Several important immune checkpoints related with cancer were analyzed by Limma[16] (Version: 3.50.0) package. Differentially expressed immune checkpoint-related genes significantly associated with overall survival (OS) in clustered GEO patients were determined by K-M survival analysis.
The marker genes of different branches of scRNA seq were crossed by the genes in TCGA bulk seq and GEO microarray data, the intersection genes of the 3 datasets were taken as the candidate genes for OMAGs. The expression of these candidate genes in TCGA-OV were combined with the survival data for Lasso regression analysis, to obtain the genes related to prognosis. The glmnet[20] (Version: 4.1-3) and survival (Version: 3.2–13) R package was used to perform lasso Cox regression for analysis and 10-fold cross-validation to narrow the range of OMAGs (omentum metastasis-associated genes) candidate genes. It is a biased estimation for processing data with multicollinearity that can realise the selection of variables while estimating parameters to better solve the problem of multicollinearity in regression analysis. The OMGAs candidates were then screened again by Cox multivariate regression analysis in order to determine the ultimate OMAGs risk model. The calculation of the OMAGs signature was as follows: Risk score = Ʃ (βi x Expi), where βi represented the coefficient of gene i, standing for the weight of gene i, and Expi represented the expression level of gene i. Then the TCGA-OV dataset was set as the training set while GEO dataset as the test set, the effects of high and low risk scores on survival and the prognostic value of OMAGs risk model were evaluated.

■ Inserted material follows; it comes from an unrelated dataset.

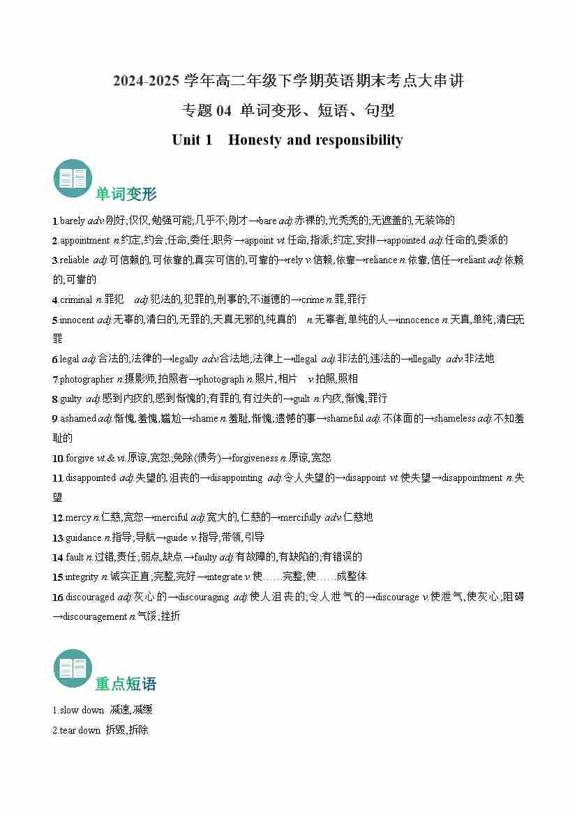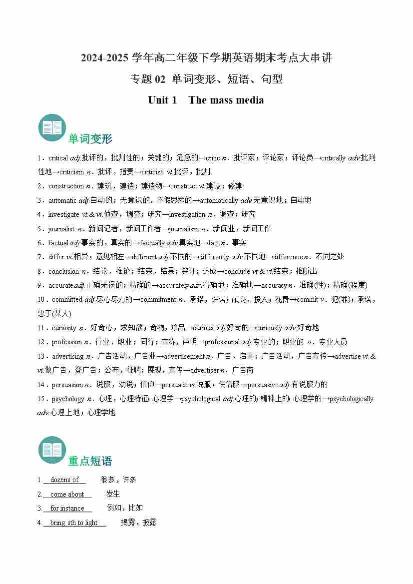 考点清单02 选择性必修二 Unit 1~Unit 4 (重点单词变形、短语、用法、句型)-(译林版2020)

The clinicopathological features and risk score of TCGA-OV cohort were analyzed by univariate Cox regression and multivariate Cox regression using survival (Version: 3.2–13) R package, with p < 0.05 as the criterion, and the HR and regression coefficient for each prognostic features were calculated. Finally, the rms (Version: 6.2-0) R package was used to construct a nomogram to predict OS of ovarian cancer patients, which incorporated these clinicopathological features and OMAGs. The nomogram model was a prognostic statistical model made using simple graphs according to previous studies.

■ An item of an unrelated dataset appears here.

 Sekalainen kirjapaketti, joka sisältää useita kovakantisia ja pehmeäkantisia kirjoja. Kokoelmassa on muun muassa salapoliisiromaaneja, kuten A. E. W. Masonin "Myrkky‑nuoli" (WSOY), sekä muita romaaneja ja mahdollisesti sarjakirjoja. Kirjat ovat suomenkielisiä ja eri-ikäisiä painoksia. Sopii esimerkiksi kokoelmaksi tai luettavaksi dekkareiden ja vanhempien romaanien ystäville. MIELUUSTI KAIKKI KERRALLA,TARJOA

A total of 9885 high-quality single cell samples were acquired from GSE147082. The quality control chart was shown in Fig. 2A, which illustrates the range of scRNA quantity, the sequencing counts, and the proportion of mitochondrial sequencing counts of each cell. 1500 variable genes were isolated from single cell samples, and the top 10 genes with the most significant difference were shown in Fig. 2B. The differences among 6 patients’ samples were showed by PCA chart (Fig. 2C). PCA was carried out based on highly variable genes (Fig. 2D,E), these single cell samples were divided into 20 different components, based on the standard deviation using ElbowPlot function (Fig. 2F), JackStraw function was used to resample the test and the p values of each PCs were calculated to find statistically significant components (Fig. 2G). Since there was no obvious elbow point, and the p values were all < 0.01, we selected 14 PCs for downstream analysis. the t-NSE algorithm was used for non-linear dimension reduction and successfully clustered the single-cell samples into 18 clusters (Fig. 2H). Afterwards, the 18 cell clusters were annotated by singleR package label.fine, and a total of 14 cells types were recognized (Fig. 2I).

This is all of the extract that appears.